General Architecture and Tracing Data Management

Our solution has two main parts: the tracing library that all services integrate with, and a place to  store and visualize the tracing data. We chose Zipkin, a scalable open-source tracing framework developed at Twitter, for storing and visualizing the tracing data. Zipkin is usually paired with Finagle, but as mentioned in Part I, we ruled it out due to complications with our existing infrastructure. Knewton built the tracing library, called TDist, from the ground up, starting as a company hack day experiment.


Tracing data model

For our solution, we chose to match the data model used in Zipkin, which in turn borrows heavily from Dapper. A trace tree is made up of a set of spans.  Spans represent a particular call from client start through server receive, server send, and, ultimately, client receive.  For example, the call-and-response between ServiceA and ServiceB would count as a single span: .
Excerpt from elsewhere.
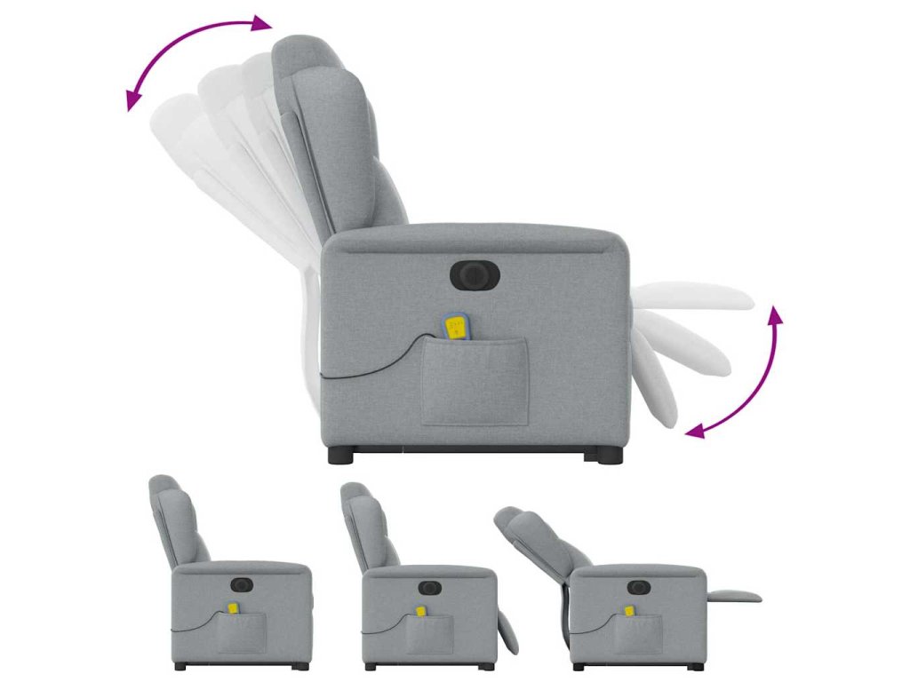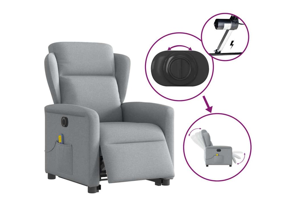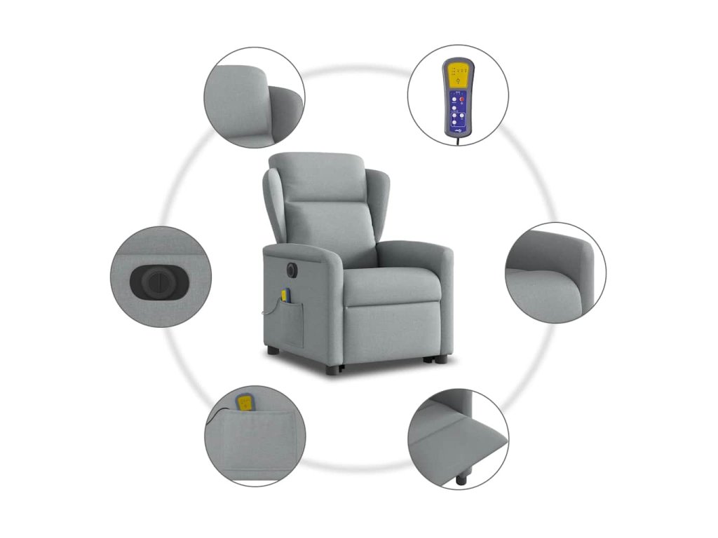 Multidom Zdvíhacie sklápacie elektrické masážne kreslo svetlosivé látka

Each span tracks three identifiers:

  • Trace ID: Every span in a trace will share this ID.
  • Span ID: The ID for a particular span. The Span ID may or may not be the same as the Trace ID.
  • Parent Span ID: An optional ID present only on child spans. The root span does not have a Parent Span ID.

The diagram below shows how these IDs are applied to calls through the tree.  Notice that the Trace ID is consistent throughout the tree.
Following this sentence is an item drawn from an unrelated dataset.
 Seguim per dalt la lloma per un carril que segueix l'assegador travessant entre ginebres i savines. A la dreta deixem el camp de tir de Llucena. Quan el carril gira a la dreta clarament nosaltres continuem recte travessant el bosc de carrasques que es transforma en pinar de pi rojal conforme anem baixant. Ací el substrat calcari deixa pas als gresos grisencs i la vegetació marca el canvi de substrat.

For more details, read the Dapper paper.


TDist is a Java library that Knewton developed. All of our services use it to enable tracing. TDist currently supports Thrift, HTTP, and Kafka, and it can also trace direct method invocations with the help of Guice annotations.

Each thread servicing or making a request to another service gets assigned a Span that is propagated and updated by the library in the background. Upon receipt of a request (or right before an outgoing request is made), the tracing data are added to an internal queue, and the name of the thread handling the request is changed to include the Trace ID by a DataManager. Worker threads then consume from that queue, and the tracing data get published to our tracing message bus. Java ThreadLocals makes it easy to globally store and access information assigned to a particular thread, and that is  the approach we used in the DataManager.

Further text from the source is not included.